= Beginning of Section =

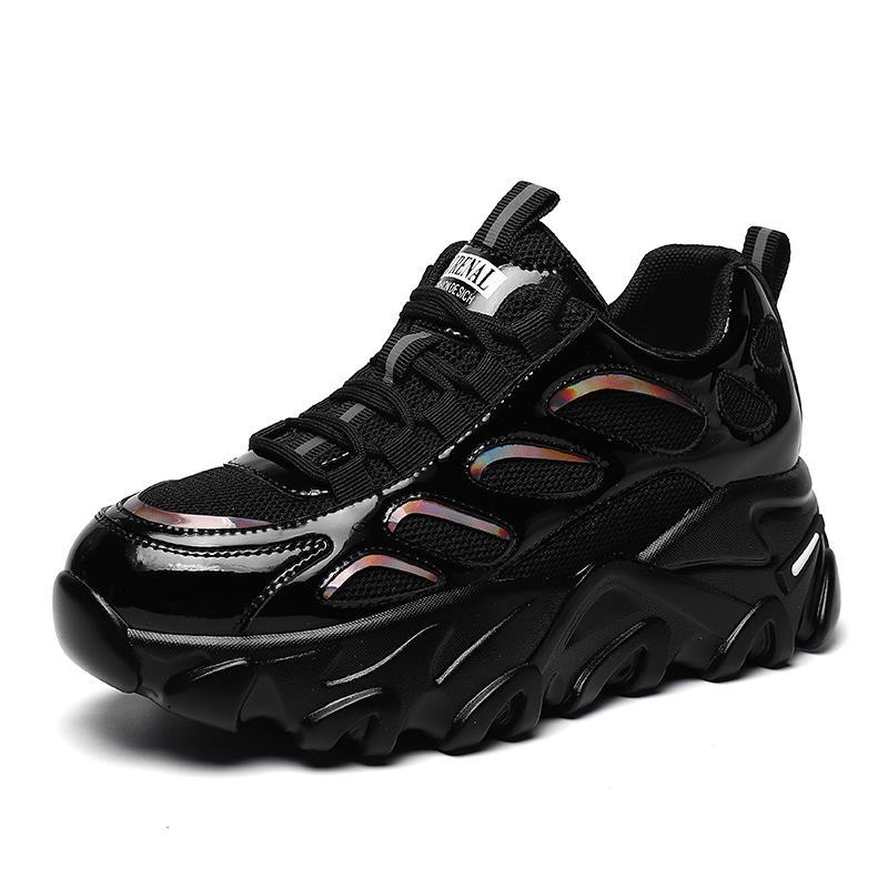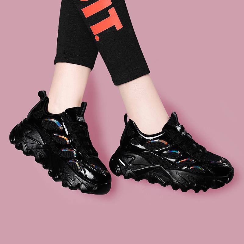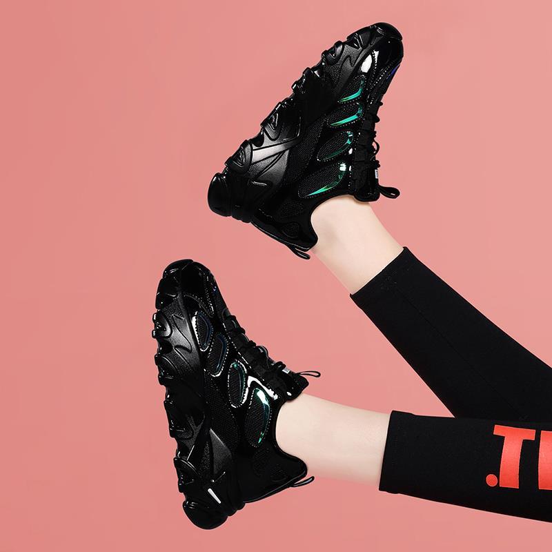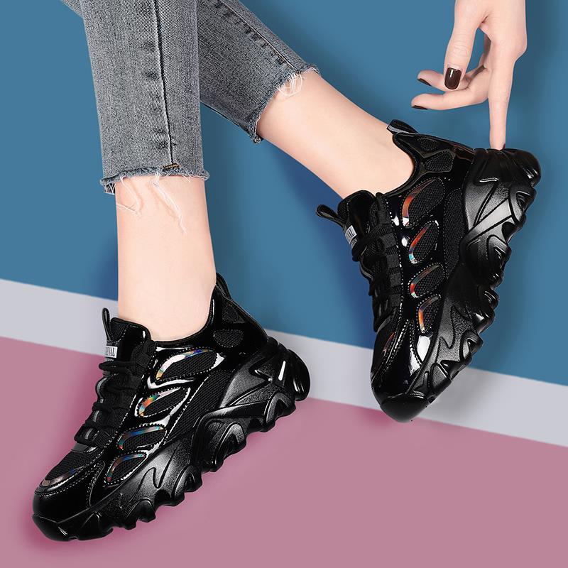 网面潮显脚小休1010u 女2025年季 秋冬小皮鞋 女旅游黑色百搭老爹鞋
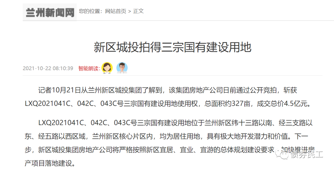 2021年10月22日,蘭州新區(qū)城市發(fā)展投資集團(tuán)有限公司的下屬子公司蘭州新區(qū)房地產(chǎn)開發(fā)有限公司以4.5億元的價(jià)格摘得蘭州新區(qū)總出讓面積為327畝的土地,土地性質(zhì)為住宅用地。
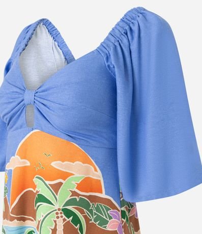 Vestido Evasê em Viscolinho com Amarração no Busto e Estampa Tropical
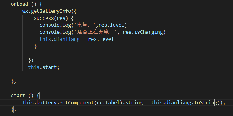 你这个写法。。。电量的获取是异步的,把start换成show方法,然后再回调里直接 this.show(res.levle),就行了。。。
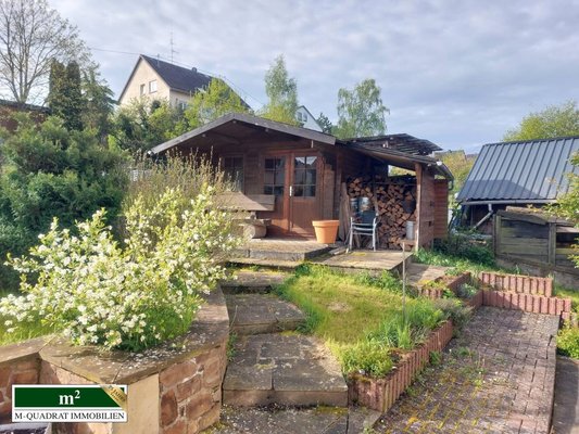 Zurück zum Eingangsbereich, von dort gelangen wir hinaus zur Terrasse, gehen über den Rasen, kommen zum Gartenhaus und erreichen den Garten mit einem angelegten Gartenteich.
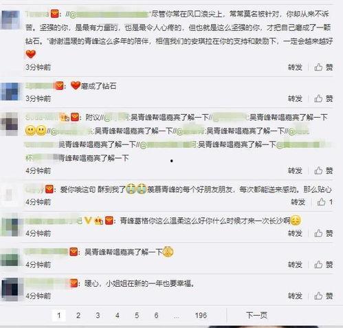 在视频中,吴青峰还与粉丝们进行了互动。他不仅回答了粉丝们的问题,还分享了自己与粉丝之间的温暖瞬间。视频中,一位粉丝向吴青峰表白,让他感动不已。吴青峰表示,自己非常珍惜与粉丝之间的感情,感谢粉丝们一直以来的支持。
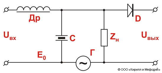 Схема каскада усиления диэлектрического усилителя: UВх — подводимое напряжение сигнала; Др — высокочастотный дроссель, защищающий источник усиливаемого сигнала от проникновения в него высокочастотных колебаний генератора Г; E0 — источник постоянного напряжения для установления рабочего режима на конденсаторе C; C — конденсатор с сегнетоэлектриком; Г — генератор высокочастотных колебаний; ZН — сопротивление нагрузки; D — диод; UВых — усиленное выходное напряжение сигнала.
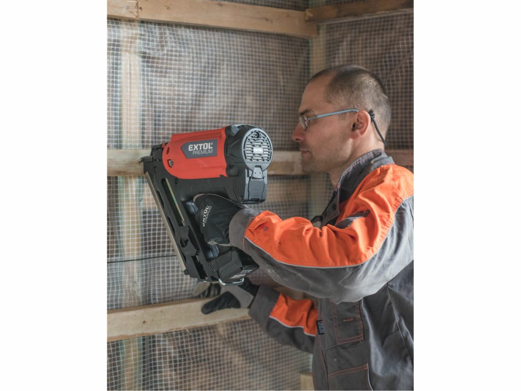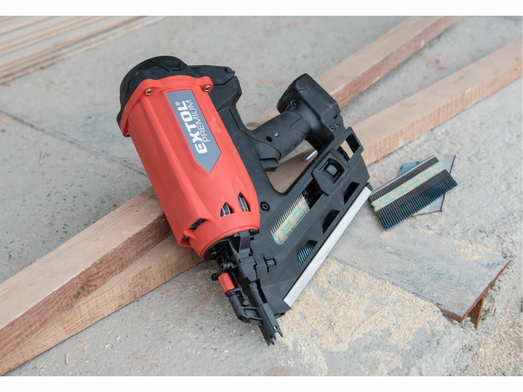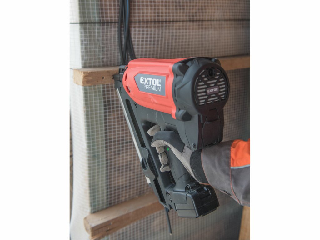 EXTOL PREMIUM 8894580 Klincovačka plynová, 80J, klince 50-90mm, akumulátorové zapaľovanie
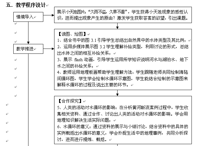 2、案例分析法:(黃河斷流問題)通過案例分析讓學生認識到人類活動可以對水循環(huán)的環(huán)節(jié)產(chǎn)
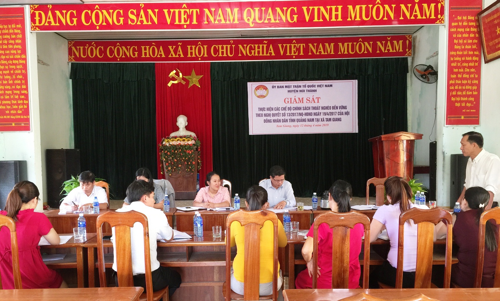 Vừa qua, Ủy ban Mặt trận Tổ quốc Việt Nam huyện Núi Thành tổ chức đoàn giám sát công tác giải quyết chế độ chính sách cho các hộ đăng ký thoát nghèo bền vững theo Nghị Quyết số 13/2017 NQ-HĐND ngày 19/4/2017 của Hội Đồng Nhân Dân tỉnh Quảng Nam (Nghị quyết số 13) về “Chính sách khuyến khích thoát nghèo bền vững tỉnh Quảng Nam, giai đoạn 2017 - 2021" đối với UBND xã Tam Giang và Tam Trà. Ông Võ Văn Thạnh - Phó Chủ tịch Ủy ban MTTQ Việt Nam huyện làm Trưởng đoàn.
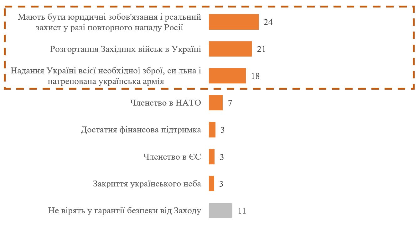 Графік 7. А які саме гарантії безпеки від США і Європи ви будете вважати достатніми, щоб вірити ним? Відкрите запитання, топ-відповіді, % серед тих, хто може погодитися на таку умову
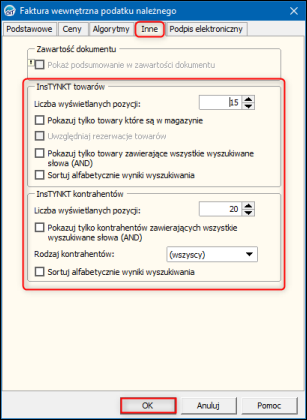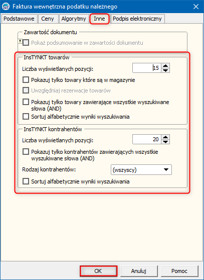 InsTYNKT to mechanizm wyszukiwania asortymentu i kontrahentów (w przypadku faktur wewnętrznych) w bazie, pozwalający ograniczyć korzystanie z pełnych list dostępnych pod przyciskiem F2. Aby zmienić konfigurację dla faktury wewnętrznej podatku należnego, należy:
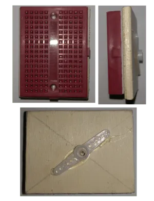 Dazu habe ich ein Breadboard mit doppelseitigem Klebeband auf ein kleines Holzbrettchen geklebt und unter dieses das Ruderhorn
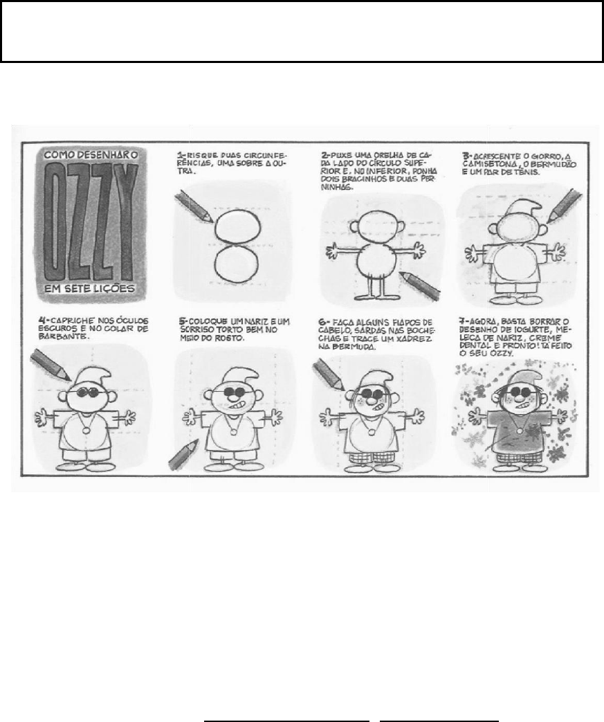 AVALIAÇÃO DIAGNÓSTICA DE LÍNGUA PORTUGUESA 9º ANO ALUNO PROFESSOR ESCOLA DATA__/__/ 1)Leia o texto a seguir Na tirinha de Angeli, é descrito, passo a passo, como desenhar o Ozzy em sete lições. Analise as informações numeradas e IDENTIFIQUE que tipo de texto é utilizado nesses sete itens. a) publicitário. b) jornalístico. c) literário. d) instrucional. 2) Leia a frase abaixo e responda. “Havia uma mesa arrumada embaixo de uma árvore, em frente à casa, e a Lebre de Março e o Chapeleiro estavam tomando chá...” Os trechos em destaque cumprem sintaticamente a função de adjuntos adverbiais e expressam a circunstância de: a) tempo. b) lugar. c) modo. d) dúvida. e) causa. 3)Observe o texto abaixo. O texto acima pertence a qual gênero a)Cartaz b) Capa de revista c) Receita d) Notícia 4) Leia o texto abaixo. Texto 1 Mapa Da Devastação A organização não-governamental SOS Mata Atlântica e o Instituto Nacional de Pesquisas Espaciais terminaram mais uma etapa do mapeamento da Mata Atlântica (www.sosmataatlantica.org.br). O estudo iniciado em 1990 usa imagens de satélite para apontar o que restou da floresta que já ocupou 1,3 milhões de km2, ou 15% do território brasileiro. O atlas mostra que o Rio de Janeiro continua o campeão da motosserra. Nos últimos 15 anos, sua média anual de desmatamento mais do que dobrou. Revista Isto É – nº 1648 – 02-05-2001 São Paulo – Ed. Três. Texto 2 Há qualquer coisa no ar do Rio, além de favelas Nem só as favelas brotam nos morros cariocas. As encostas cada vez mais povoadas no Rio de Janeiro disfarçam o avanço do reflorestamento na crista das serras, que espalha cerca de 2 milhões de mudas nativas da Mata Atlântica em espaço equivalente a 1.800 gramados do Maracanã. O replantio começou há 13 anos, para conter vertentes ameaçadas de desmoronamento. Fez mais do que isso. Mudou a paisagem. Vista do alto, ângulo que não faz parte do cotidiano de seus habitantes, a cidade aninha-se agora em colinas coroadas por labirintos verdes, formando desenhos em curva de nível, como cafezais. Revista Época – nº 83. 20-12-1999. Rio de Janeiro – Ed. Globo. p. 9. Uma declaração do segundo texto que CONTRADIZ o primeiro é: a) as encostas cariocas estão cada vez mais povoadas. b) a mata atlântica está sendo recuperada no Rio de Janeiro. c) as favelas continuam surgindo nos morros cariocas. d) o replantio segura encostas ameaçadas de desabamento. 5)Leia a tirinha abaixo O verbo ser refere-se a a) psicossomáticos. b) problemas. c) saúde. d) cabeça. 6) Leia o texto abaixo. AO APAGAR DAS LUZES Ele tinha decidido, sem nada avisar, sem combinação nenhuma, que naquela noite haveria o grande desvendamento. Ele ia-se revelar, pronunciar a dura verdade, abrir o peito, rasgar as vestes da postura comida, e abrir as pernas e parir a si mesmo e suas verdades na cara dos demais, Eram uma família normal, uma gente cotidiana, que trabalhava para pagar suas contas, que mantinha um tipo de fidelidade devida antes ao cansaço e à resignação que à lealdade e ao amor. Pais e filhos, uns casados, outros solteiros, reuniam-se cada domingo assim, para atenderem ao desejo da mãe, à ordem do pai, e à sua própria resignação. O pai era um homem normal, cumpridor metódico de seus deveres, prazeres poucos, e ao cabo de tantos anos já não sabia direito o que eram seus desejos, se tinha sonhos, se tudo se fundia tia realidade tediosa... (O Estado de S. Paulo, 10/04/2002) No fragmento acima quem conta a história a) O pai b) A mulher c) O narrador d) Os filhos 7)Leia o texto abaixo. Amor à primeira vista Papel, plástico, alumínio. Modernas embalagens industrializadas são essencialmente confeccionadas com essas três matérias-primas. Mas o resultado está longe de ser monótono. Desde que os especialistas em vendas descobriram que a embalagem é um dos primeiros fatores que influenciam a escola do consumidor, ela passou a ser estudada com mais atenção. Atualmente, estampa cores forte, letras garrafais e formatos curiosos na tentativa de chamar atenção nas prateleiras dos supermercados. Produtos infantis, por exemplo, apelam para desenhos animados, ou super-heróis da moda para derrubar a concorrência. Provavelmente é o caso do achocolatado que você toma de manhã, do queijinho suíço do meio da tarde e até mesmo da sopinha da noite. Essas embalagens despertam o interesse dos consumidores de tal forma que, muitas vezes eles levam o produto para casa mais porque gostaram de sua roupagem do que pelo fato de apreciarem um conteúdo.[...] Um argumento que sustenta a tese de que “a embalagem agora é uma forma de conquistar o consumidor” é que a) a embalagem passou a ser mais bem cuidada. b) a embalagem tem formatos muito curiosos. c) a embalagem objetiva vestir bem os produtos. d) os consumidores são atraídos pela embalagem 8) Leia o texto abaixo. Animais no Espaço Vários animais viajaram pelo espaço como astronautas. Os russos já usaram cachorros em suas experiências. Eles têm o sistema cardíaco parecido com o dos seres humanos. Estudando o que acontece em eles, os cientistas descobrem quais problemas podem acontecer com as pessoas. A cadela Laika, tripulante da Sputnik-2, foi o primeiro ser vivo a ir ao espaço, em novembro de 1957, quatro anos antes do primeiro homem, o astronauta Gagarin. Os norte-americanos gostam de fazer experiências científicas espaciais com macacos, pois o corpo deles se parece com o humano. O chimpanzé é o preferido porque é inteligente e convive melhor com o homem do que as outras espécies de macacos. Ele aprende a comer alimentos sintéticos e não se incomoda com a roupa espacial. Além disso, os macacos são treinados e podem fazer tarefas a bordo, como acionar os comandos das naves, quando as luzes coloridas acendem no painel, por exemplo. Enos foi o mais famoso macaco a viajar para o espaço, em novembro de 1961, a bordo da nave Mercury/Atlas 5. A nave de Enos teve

= End of Section =

Output exactly the lines above, beginning at the one with "Vừa qua, Ủy" and stopping after the one with "Графік 7. А". Pictures are to be omitted.

■ WRITTEN ANSWER:
 Vừa qua, Ủy ban Mặt trận Tổ quốc Việt Nam huyện Núi Thành tổ chức đoàn giám sát công tác giải quyết chế độ chính sách cho các hộ đăng ký thoát nghèo bền vững theo Nghị Quyết số 13/2017 NQ-HĐND ngày 19/4/2017 của Hội Đồng Nhân Dân tỉnh Quảng Nam (Nghị quyết số 13) về “Chính sách khuyến khích thoát nghèo bền vững tỉnh Quảng Nam, giai đoạn 2017 - 2021" đối với UBND xã Tam Giang và Tam Trà. Ông Võ Văn Thạnh - Phó Chủ tịch Ủy ban MTTQ Việt Nam huyện làm Trưởng đoàn.
 Графік 7. А які саме гарантії безпеки від США і Європи ви будете вважати достатніми, щоб вірити ним? Відкрите запитання, топ-відповіді, % серед тих, хто може погодитися на таку умову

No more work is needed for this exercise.